There's a point in our lives when our outward appearance and our personal identity begin to merge together. We discover the wonderfully cringey world of insecurity and give into anxieties that tell us that we are not acceptable. Most people grow out of these anxieties and learn to love themselves. They see themselves represented in the media, movies, magazines, and on the runways. They are made to feel “acceptable”. However, there is a large percentage of the population who do not have the luxury of easily fitting into that space. According to refinery29’s The 67 Percent: about 67 percent of women in the U.S. are plus sized (above a size 14). That means that over half of the population of women in the U.S. are not realistically represented throughout the media and most importantly in fashion.

During this past Mental Health Awareness Month, I was moved to think of the impact that the inequality of body positivity has on the minds of those who are not as easily accepted. This led me to try to put into words the fantasy that plus sized people have to live in to accept themselves in a world that demonizes fatness. Plus-Sized people have to help and encourage each other to believe that their fantastical ideas of reality are true, even if the rest of the world hasn't caught up yet. The thing is, the only reason that a plus sized person living happily, loving themselves and existing is fantastical is because society has made it so. It will no longer be an unthinkable concept when everyone learns to 1: mind their business and 2: learn that bodies are bodies and fat is just fat. No one should be barred from an enjoyable life just because their metabolism is slower or they dont look like a Victoria's Secret model.

I thought about the toll that constantly not being accepted both outwardly and subtlety can take on a person's mind. As a plus size person, just walking out of the house can be a rejection of social norms. There's always a feeling that says: “tug at your blouse” or “re-adjust your skirt”. Always a feeling that something is wrong. The mind that is required to exist in a larger body is one that must remain strong and resilient against the most frustrating macro and microaggressions. Plus sized people are reminded on the daily that they are not accepted as society’s or fashion’s norm. To read and receive comments under plus people’s social media posts telling them that they are glorifying obesity and promoting unhealthy lifestyles can easily take a real toll on a person’s mental health.

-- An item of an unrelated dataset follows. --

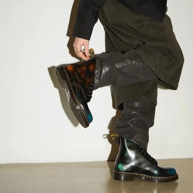Созданные на основе смелой цветовой палитры черного, желтого, зеленого и синего цветов, которые стареют и меняются по мере ношения, обновленные ботинки 1460 являются высшим символом самовыражения. Отделка из бронзы и классические шнурки наряду с нашими визитными карточками: желтая прострочка и петля AirWair на пятке.
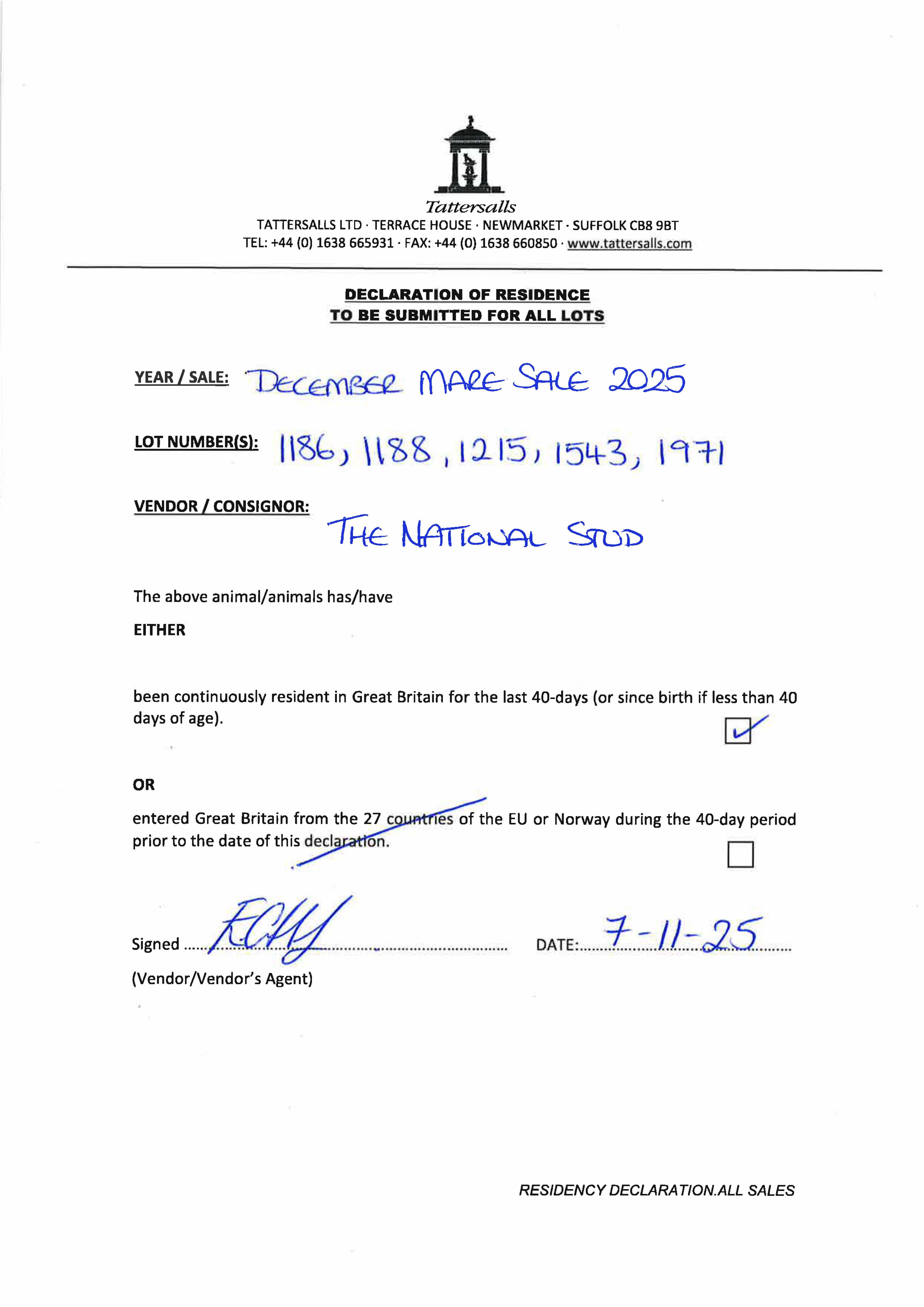 Consignor: The National Stud Ltd.

Experiencing these things took a toll on my mental health from a young age. I was hyper aware of myself, my body and how I was being perceived by others almost constantly. Even as I began to develop a fashion sense in college while in fashion school I felt out of place. I was never taught how to make clothing for a larger body and it was never really talked about (unless I brought it up), so I've taken note and moved accordingly. Throughout the years I've felt that there was a problem that needed to be solved. I felt as if I could make differences that needed to be made. I’ve personally used my frustration in society and the fashion industry as motivation to search for or carve out my place in fashion, making the world a better, kinder (and more fashionable) place for everyone.